Short-run gains through disinformation were also reported regarding false, misleading or greatly exaggerated statements on stock news. In 2012, a financial website, called Seeking Alpha, wrote an article highlighting ImmunoCellular Therapeutics’ progress on coming up with cost-effective cancer treatments. This caused ImmunoCellular’s share price to soar – tripling in just six months. However, over time the underperforming products and the rumour that never materialised have caused share prices to plunge to levels tremendously lower than before the article was published. Further, in 2017, in the crackdown announced by the U.S. Securities and Exchange Commission, 27 individuals and entities were charged with misleading investors, posing as independent and objective opinions by investment research websites. Writers were secretly paid to post hundreds of bullish articles on financial websites, including Seeking Alpha, to swing the stock market. Some defendants, including ImmunoCellular Therapeutics, paid more than $4.8 million to settle the charge.
Moving forward, what can businesses do if their brands are threatened by disinformation that compromises customer loyalty and retention? Firstly, they should avoid unethical businesses that generate ‘fake news’ or reviews to boost their own stature or profits, as those can back-fire. Instead, businesses should focus on brand value and build stronger, healthier relationships with 3rd party sources and writers. Businesses should also practise transparency; when false allegations hit, employees and customers would not doubt its trustworthiness.

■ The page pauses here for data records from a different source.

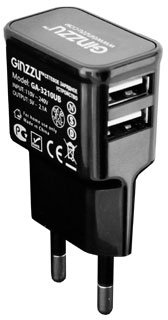 Зарядное устройство USB сетевое Ginzzu GA-3210UB; 2.1А; 2хUSB; чёрный
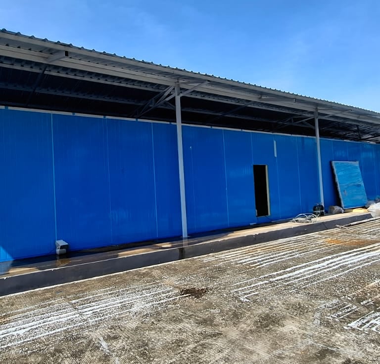 Material Prefabicated Panel Insulation ( ruangan pendingin ) menggunakan Sandwich Panel Polyurethane tebal 75 mm ( Dinding & Atap ) dan Polyurethane Sheet ( Lantai )
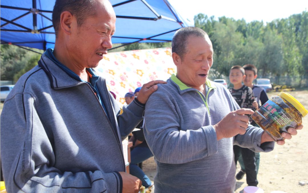 萨尔塔木乡却限村村民董同运说:“我们家蜂蜜就是没有任何添加剂,属于纯天然,品种也很多,春天四月份生产沙枣蜂蜜,五六月份生产百花蜜,七八月份生产葵花蜜。”已有40多年养蜂经验的董同运,不仅摸索出了养蜂技术,还成为人人羡慕的致富能手。他的有机蜂蜜,在展销会上颇受欢迎。
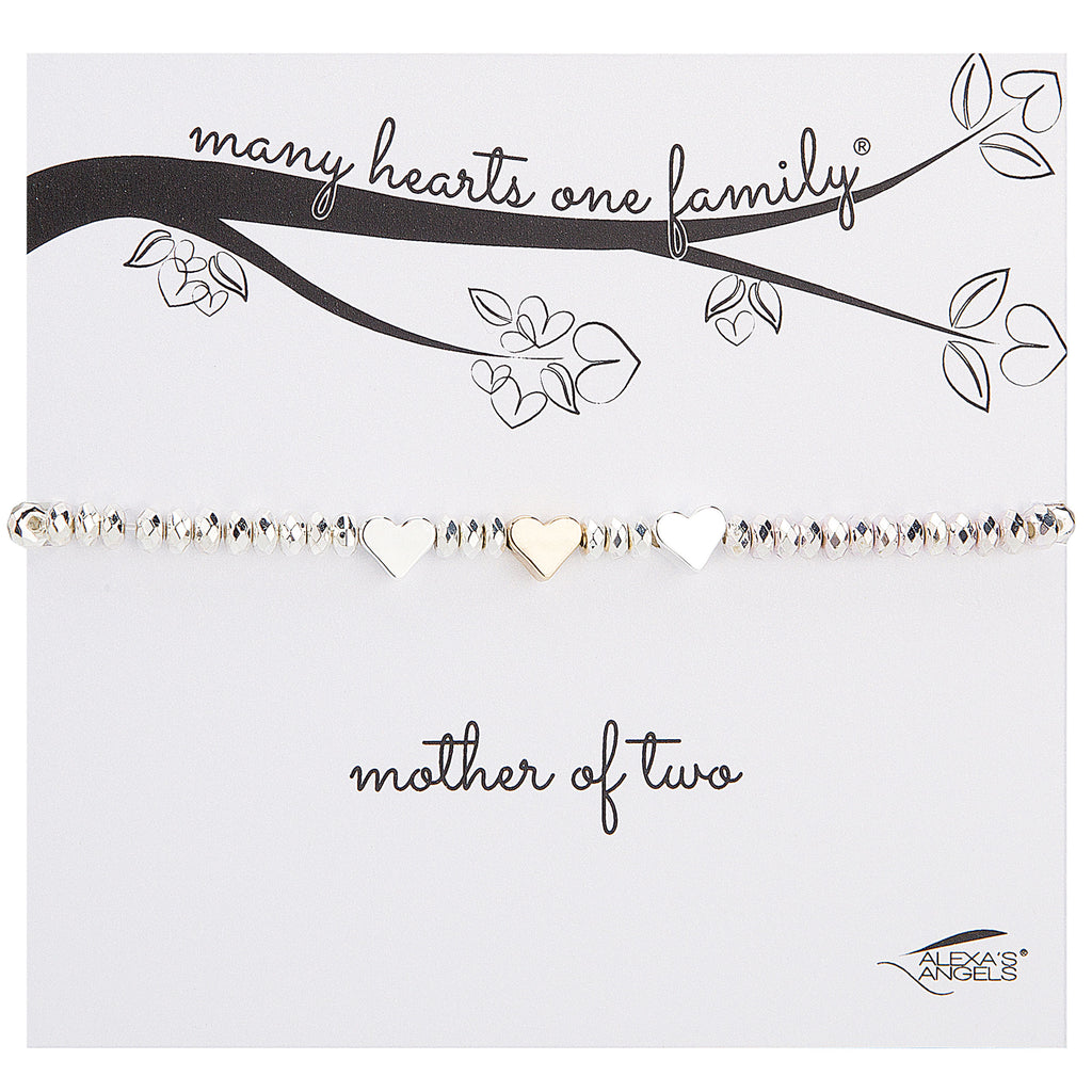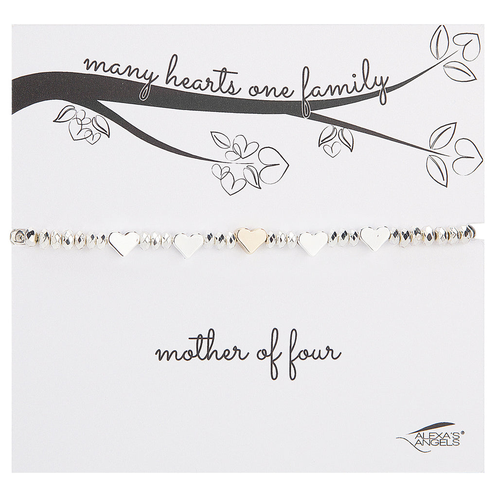 Celebrate motherhood with the Many Hearts Family Bracelet. Featuring a central heart for mom and up to four smaller hearts for her children, this stretch bracelet honors love, connection, and family.
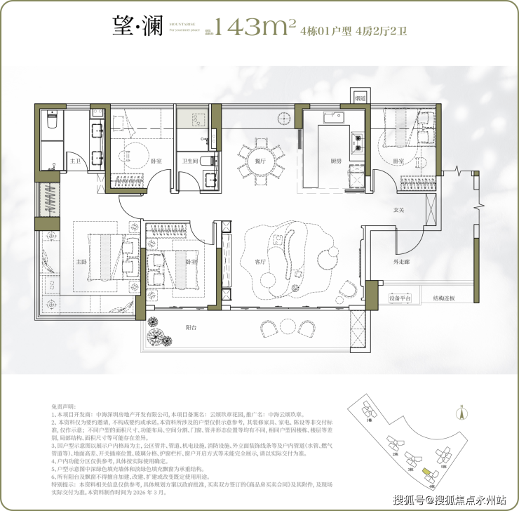 143㎡ 4房2厅2卫(奢阔改善型)楼王级户型,仅24套,稀缺性极强;超大横厅设计,搭配约8.9米南向山景阳台,视野无遮挡;270°主卧飘窗,采光与观景效果拉满;四分离卫浴,主卧套房+独立衣帽间,尊享高端居住体验,适配高端改善家庭。楼栋分布:仅分布于核心楼栋,数量稀缺

The issue of disinformation, although not new, is heightened by the increasing role of technology in our lives, particularly, internet and social media. The advancement of technology, on one hand, can be seen as an enabler of disinformation – through deep fakes, algorithmic curation and social media bots. However, technology can also be the key to counteracting the problem. In many countries, public bodies are combining technology and human expertise to tackle the issue of false information. For instance, articles that might contain false information could be flagged automatically, with the assistance of artificial intelligence. When a false story is identified, rather than being removed - which may raise ethical issues – it is tagged with a warning. Identified false stories are also de-ranked, putting it lower down in users’ feeds. Users are also able to flag articles they suspect contain false information, as seen Facebook’s collaboration with fact-checking websites in Germany and France.
According to Claire Wardle of First Draft News, a body that fights mis- and disinformation online, collaboration among governments, news organisations, technology companies and citizens is crucial. Many experts and researchers also believe that education and awareness, in particular, digital literacy, is at the core of the solution – creating users who seek the truth and capable of debunking false and misleading information themselves. Citizens should avoid playing the role of both victims and perpetrators.
Disinformation is destructive – especially towards the business community. Surely we as a society would not “break another man’s rice bowl”. Yet, even by one single unverified news disseminated irresponsibly, we might already have.
This article first appeared in the Bangi Management Review, Issue 3, published in December 2018.